→ Activity: All of the data is to be copied without a single change.

→ Data in this exercise:
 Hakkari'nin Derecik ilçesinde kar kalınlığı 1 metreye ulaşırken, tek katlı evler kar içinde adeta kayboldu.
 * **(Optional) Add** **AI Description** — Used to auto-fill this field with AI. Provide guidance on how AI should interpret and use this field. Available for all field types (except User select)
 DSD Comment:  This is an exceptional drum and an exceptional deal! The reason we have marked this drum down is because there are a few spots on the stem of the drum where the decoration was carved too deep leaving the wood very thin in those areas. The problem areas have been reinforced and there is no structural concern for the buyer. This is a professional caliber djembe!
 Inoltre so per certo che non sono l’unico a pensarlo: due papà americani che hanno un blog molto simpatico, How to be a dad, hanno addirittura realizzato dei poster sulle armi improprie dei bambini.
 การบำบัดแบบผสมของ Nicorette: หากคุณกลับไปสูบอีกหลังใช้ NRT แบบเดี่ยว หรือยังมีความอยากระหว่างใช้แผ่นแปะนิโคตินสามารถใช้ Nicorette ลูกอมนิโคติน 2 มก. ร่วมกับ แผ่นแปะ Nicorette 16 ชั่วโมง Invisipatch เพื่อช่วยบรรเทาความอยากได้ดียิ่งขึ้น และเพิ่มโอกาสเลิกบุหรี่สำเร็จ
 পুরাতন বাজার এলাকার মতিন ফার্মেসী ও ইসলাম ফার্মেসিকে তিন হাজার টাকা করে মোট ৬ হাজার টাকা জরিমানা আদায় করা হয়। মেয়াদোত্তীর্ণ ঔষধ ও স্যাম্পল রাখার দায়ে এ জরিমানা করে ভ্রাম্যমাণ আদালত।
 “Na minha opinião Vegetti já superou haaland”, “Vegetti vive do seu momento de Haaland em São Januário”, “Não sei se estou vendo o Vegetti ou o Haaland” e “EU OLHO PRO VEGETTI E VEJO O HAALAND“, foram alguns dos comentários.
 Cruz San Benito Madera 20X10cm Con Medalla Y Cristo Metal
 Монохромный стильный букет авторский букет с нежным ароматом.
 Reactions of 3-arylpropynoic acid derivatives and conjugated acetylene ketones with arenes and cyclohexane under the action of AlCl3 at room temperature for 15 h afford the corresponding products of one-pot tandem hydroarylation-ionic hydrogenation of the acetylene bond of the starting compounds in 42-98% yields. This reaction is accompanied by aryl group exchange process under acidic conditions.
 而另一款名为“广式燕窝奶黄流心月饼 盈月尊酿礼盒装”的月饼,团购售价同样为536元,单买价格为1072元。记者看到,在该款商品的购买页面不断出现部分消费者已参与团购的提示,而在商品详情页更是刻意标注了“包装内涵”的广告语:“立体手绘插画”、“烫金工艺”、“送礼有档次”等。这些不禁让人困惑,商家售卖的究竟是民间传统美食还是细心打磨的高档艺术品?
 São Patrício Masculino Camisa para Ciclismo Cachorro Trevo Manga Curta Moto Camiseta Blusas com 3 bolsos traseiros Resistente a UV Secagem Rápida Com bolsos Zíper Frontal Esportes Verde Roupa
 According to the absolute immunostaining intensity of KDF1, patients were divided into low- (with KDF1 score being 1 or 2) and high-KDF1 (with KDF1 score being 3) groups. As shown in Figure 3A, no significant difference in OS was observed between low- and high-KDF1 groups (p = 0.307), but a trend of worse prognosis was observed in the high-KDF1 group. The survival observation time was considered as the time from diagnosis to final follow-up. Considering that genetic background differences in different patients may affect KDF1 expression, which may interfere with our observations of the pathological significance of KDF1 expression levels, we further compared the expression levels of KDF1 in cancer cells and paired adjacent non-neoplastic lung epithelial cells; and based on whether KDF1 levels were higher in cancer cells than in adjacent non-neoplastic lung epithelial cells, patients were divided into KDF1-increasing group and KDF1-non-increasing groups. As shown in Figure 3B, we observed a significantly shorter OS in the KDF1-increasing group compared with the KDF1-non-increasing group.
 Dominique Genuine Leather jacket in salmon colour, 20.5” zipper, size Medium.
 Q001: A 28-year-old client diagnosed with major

→ Finished exercise:
 Hakkari'nin Derecik ilçesinde kar kalınlığı 1 metreye ulaşırken, tek katlı evler kar içinde adeta kayboldu.
 * **(Optional) Add** **AI Description** — Used to auto-fill this field with AI. Provide guidance on how AI should interpret and use this field. Available for all field types (except User select)
 DSD Comment:  This is an exceptional drum and an exceptional deal! The reason we have marked this drum down is because there are a few spots on the stem of the drum where the decoration was carved too deep leaving the wood very thin in those areas. The problem areas have been reinforced and there is no structural concern for the buyer. This is a professional caliber djembe!
 Inoltre so per certo che non sono l’unico a pensarlo: due papà americani che hanno un blog molto simpatico, How to be a dad, hanno addirittura realizzato dei poster sulle armi improprie dei bambini.
 การบำบัดแบบผสมของ Nicorette: หากคุณกลับไปสูบอีกหลังใช้ NRT แบบเดี่ยว หรือยังมีความอยากระหว่างใช้แผ่นแปะนิโคตินสามารถใช้ Nicorette ลูกอมนิโคติน 2 มก. ร่วมกับ แผ่นแปะ Nicorette 16 ชั่วโมง Invisipatch เพื่อช่วยบรรเทาความอยากได้ดียิ่งขึ้น และเพิ่มโอกาสเลิกบุหรี่สำเร็จ
 পুরাতন বাজার এলাকার মতিন ফার্মেসী ও ইসলাম ফার্মেসিকে তিন হাজার টাকা করে মোট ৬ হাজার টাকা জরিমানা আদায় করা হয়। মেয়াদোত্তীর্ণ ঔষধ ও স্যাম্পল রাখার দায়ে এ জরিমানা করে ভ্রাম্যমাণ আদালত।
 “Na minha opinião Vegetti já superou haaland”, “Vegetti vive do seu momento de Haaland em São Januário”, “Não sei se estou vendo o Vegetti ou o Haaland” e “EU OLHO PRO VEGETTI E VEJO O HAALAND“, foram alguns dos comentários.
 Cruz San Benito Madera 20X10cm Con Medalla Y Cristo Metal
 Монохромный стильный букет авторский букет с нежным ароматом.
 Reactions of 3-arylpropynoic acid derivatives and conjugated acetylene ketones with arenes and cyclohexane under the action of AlCl3 at room temperature for 15 h afford the corresponding products of one-pot tandem hydroarylation-ionic hydrogenation of the acetylene bond of the starting compounds in 42-98% yields. This reaction is accompanied by aryl group exchange process under acidic conditions.
 而另一款名为“广式燕窝奶黄流心月饼 盈月尊酿礼盒装”的月饼,团购售价同样为536元,单买价格为1072元。记者看到,在该款商品的购买页面不断出现部分消费者已参与团购的提示,而在商品详情页更是刻意标注了“包装内涵”的广告语:“立体手绘插画”、“烫金工艺”、“送礼有档次”等。这些不禁让人困惑,商家售卖的究竟是民间传统美食还是细心打磨的高档艺术品?
 São Patrício Masculino Camisa para Ciclismo Cachorro Trevo Manga Curta Moto Camiseta Blusas com 3 bolsos traseiros Resistente a UV Secagem Rápida Com bolsos Zíper Frontal Esportes Verde Roupa
 According to the absolute immunostaining intensity of KDF1, patients were divided into low- (with KDF1 score being 1 or 2) and high-KDF1 (with KDF1 score being 3) groups. As shown in Figure 3A, no significant difference in OS was observed between low- and high-KDF1 groups (p = 0.307), but a trend of worse prognosis was observed in the high-KDF1 group. The survival observation time was considered as the time from diagnosis to final follow-up. Considering that genetic background differences in different patients may affect KDF1 expression, which may interfere with our observations of the pathological significance of KDF1 expression levels, we further compared the expression levels of KDF1 in cancer cells and paired adjacent non-neoplastic lung epithelial cells; and based on whether KDF1 levels were higher in cancer cells than in adjacent non-neoplastic lung epithelial cells, patients were divided into KDF1-increasing group and KDF1-non-increasing groups. As shown in Figure 3B, we observed a significantly shorter OS in the KDF1-increasing group compared with the KDF1-non-increasing group.
 Dominique Genuine Leather jacket in salmon colour, 20.5” zipper, size Medium.
 Q001: A 28-year-old client diagnosed with major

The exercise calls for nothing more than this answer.